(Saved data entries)

·····

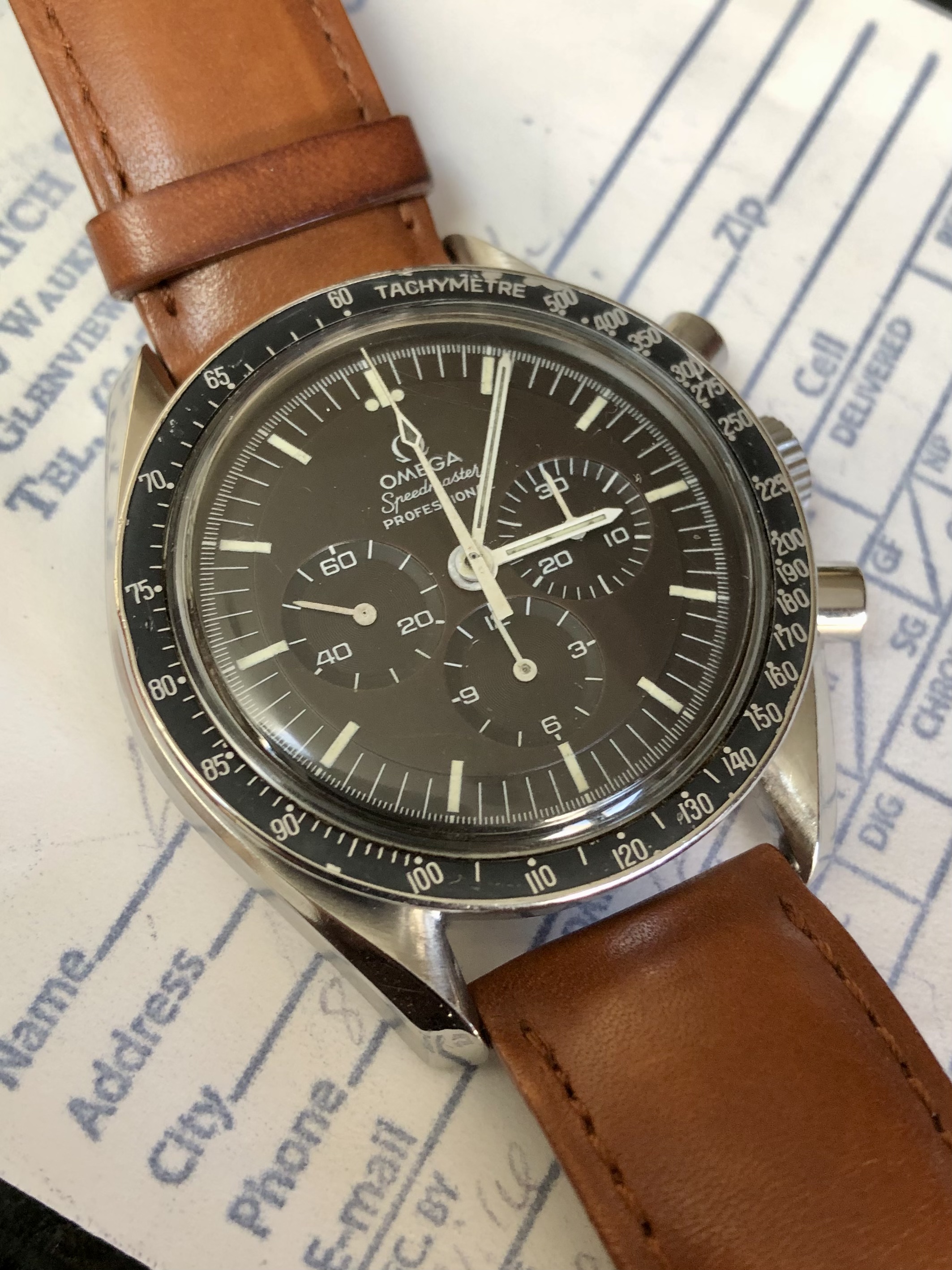 144 22 69 dark chocolate, back from a couple of months at the spa. First service under my ownership. Now to finally add those links I bought years ago to its bracelet.
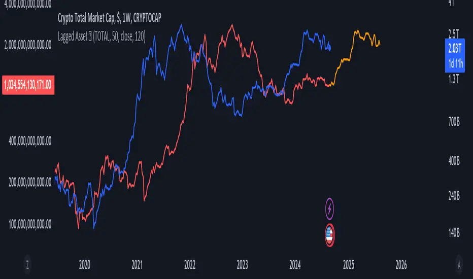 This indicator allows you to overlay a secondary asset on your main chart with a customizable lag. It's perfect for traders who want to analyze the relationship between the current asset and another asset with a time-shifted perspective. The secondary asset’s price data can be lagged by any number of bars, helping you spot leading or lagging behaviors between assets.
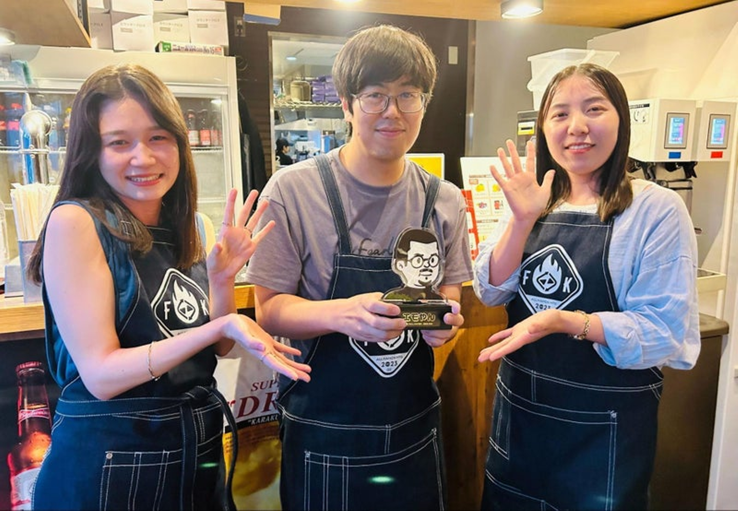特製トロフィーを持つのりさん(中央_西山)左:うっちー(内舘)右:筆者(斉藤)
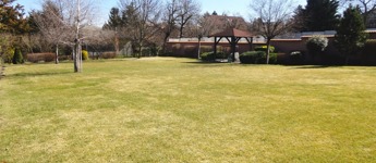A kertész által kiválóan karbantartott kertben az örökzöldekkel övezett gyepszőnyeg a legmagasabb minőségi elvárásokat is kielégíti.
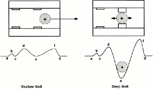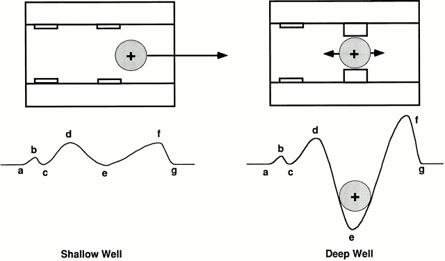 energy well model. (A) Two energy wells, designated c and e, in

·····

> _PROBLEM DETAILS_
Only one thing is required: an exact printout of the lines from the line containing "特製トロフィーを持つのりさん(中央_西山)左:うっちー(内舘)右:筆者(斉藤)" through the last line of the records, pictures excluded.

> _TASK ANSWER_
特製トロフィーを持つのりさん(中央_西山)左:うっちー(内舘)右:筆者(斉藤)
A kertész által kiválóan karbantartott kertben az örökzöldekkel övezett gyepszőnyeg a legmagasabb minőségi elvárásokat is kielégíti.
 energy well model. (A) Two energy wells, designated c and e, in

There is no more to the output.